It could be argued that the one persistent challenge faced by the Air Force over its 70-year history is how to best integrate Airmen with cutting-edge technology.
Most pressing, from the earliest days of aviation, was the need to protect the human body from the potentially deadly forces generated by advances in aircraft speed, maneuverability and altitude capabilities.
Even in the pre-Air Force days leading up to WWII, altitudes were being achieved that necessitated aircraft with oxygen systems to keep pilots and crews coherent and alive during missions. This was closely followed by the development of aircraft with a pressurized fuselage, such as the B-29, which allowed crews to fly high-altitude missions without oxygen masks and cumbersome heated flight suits to protect them from sub-zero temperatures.
The advent of the jet age led to ever increasing altitudes and gravitational forces (G-forces) on the pilot, necessitating the development of G-suits to push blood to the pilot’s brain, minimizing blackouts, and ejection seats to allow pilots to safely escape aircraft operating at high speed and altitude.
The testing of these technologies quickly became the public face of the Air Force’s human performance research and human factors engineering.
Baby Boomers routinely saw newsreel films and photos in magazines of researchers testing ways to protect pilots from the effects of high G-forces and altitudes with rocket sleds, centrifuges, atmospheric chambers and even balloons used in Project Excelsior as an Airman, Col. Joseph Kittinger, protected by a pressure suit, made a free-fall jump from 19 miles above the Earth’s surface.
It was physiological research necessary to keep advancing the Air Force’s capabilities in the air, and later, in space. But it also made for good theater for the public.
However, from the very beginnings of the Air Force, there has been concurrent, less theatrical study of another interface between humans and their machines that has been just as ground breaking; that between the machine and the human brain.
It is research that is pivoting from an emphasis on optimizing tools for use by Airmen to creating technologies that will work with Airmen, as a partner.
Cognitive research by the Air Force began with an issue created by the U.S.’s enormous production output during WWII: lack of uniformity between aircraft cockpits and displays.
“There wasn’t such a thing as a standard cockpit configuration and aviators were confusing things like landing gear and putting flaps down,” said Dr. Morley Stone, the Chief Technology Officer for the Air Force Research Laboratory (AFRL) at Wright Patterson Air Force Base in Dayton, Ohio. “Of course, that was leading to a variety of mishaps … Really, that gave birth to the whole field of human factors engineering.”
Lt. Col. Paul Fitts led the research team at Wright Patterson AFB that developed a consistent method for laying out an aircraft cockpit and instruments allowing a pilot to quickly and efficiently comprehend the current state of the aircraft. They also developed methods to manipulate controls more reliably, no matter the airframe.

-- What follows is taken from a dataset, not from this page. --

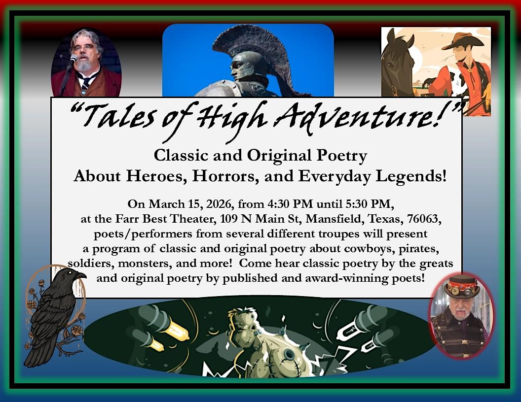 by admin05Mar Tales Of High Adventure: Presented By The Fort Worth Poetry Society at Farr Best Theater – Mansfield, TX Tales Of High Adventure: Presented By The Fort Worth Poetry Society at Farr Best Theater – Mansfield, TX 2 2 people viewed this event. Join us for swashbuckling fun and wild verse at Tales Of High Adventure Pirate Poets—pirates and poetry collide! Tickets-RSVP Link Date And Time Sunday, March 15th, 2026 03:00 PM (PST) Venue Farr Best Theater Location 109 North Main Street, Mansfield, TX 76063 Event Types Concert or PerformancePerforming & Visual Arts Event Category Texas Share With Friends Facebook Twitter Linkedin Xing Pinterest Share This Post:

The autonomous capability that we currently have is fairly nascent. Current algorithms are limited, certainly imperfect. We want to design to remedy that … intelligent assistants that sit on your shoulder that sift through data that look for correlations and relationships and present those in an easily digestible way to our Airmen to consider. ILLUSTRATION // COREY PARRISH
“That key research that occurred here at Wright-Patterson (AFB), as well as elsewhere, enabled the standardization of the key instrumentation needed to fly an aircraft,” said Mark Draper, a principal engineering research psychologist with the 711th Human Performance Wing at the AFRL. “It’s called a T-scan pattern. Pilots quickly learned the T-scan to rapidly ascertain if their aircraft is doing they want it to do. That became the standard for decades.”

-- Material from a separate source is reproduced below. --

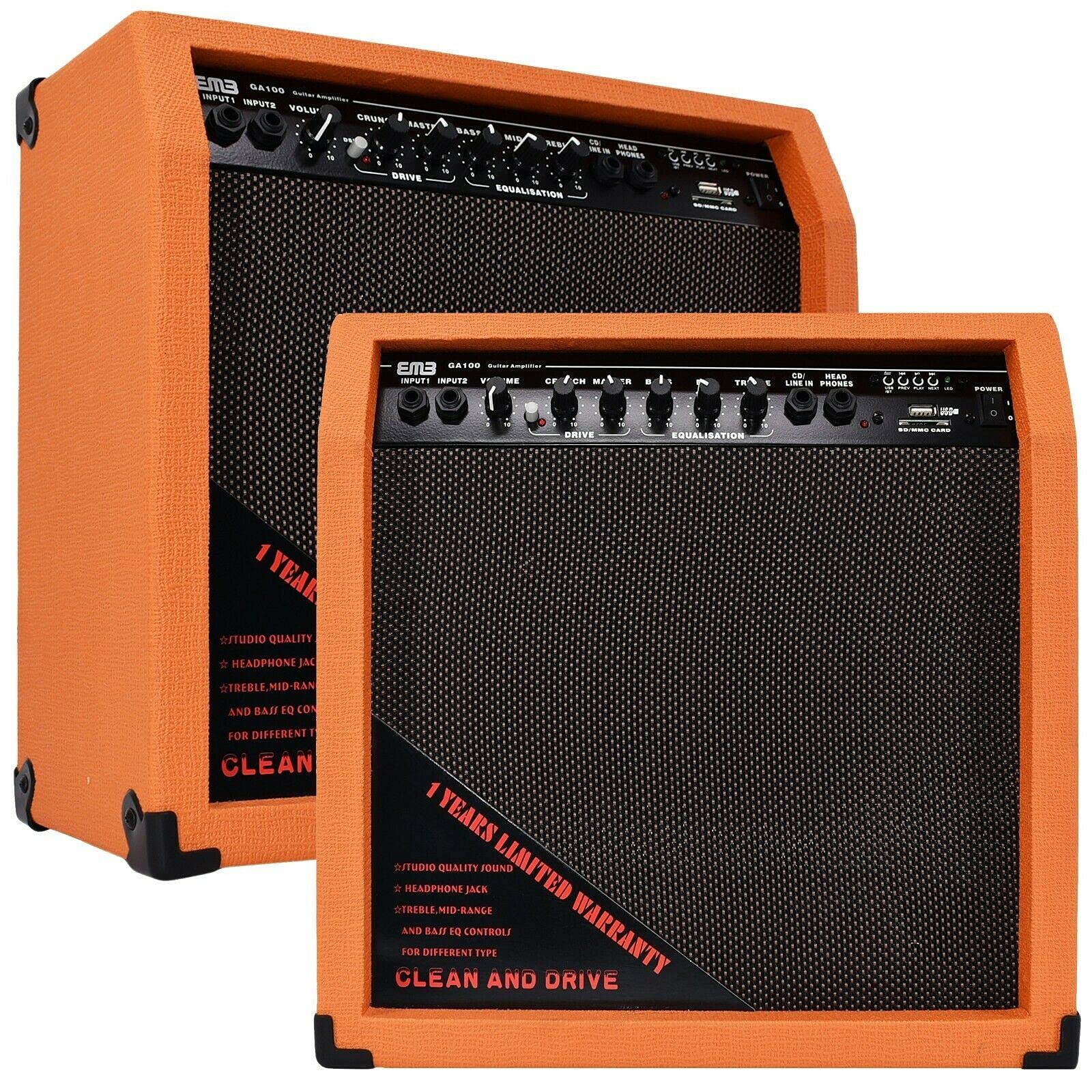 More than just a guitar amp, the EMB GA100 features built-in Bluetooth, SD, USB, and AUX inputs, allowing you to stream music, play along with backing tracks, or use it as a powerful speaker system. It includes dual 1/4" inputs for multiple instrument connections, giving musicians flexibility for solo practice or duets. The built-in headphone jack provides the option for silent practice, making it convenient for late-night sessions without disturbing others.

However as new weaponry, on-board radars, sensors, communications and command and control technologies were added to airframes, pilots and crews quickly became overwhelmed by too much information for the human brain to process efficiently, a condition that pilots call a “helmet fire.”
“A key milestone, which was really significant, was the introduction of the glass cockpit,” said Draper. “Over several decades of just adding more controls and hardware instruments here and there, the real estate became really limited.”

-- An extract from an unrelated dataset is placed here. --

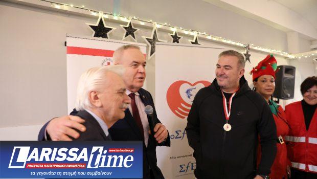 Ο πρόεδρος του ΣΦΕΕ Ολ. Παπαδημητρίου και ο πρόεδρος του Ε.Ε.Σ. δρ Αντ. Αυγερινός, μοιράζουν δώρα στα παιδιά που φιλοξενούνται στο Παράρτημα Αποθεραπείας και Αποκατάστασης Παιδιών με Αναπηρίες στη Βούλα

“If we were able to put in computer monitors, if you will, into the cockpit, we would be enabling the re-using of that real estate. We could tailor the information towards a particular mission or phase of flight. The controls and the displays could be changed. That opened up a wealth of opportunity to not only provide more capability to the pilot, but also to enable the introduction of graphics into cockpits to make the information more easily understood and utilized.”
These concepts advanced by human factors engineering at AFRL has led to further research making the workflow of Airmen in many career fields more efficient and has even crossed over into the public sector.
According to Stone, this type of research led to everything from the development of the mouse, optimizing how a person inputs information into a computer, to eye-tracking studies to analyze how Airmen best recognize and utilize intelligence surveillance and reconnaissance information displayed on a monitor, to wearable devices that can measure a human’s current physical state, heart rate, blood pressure and respiration.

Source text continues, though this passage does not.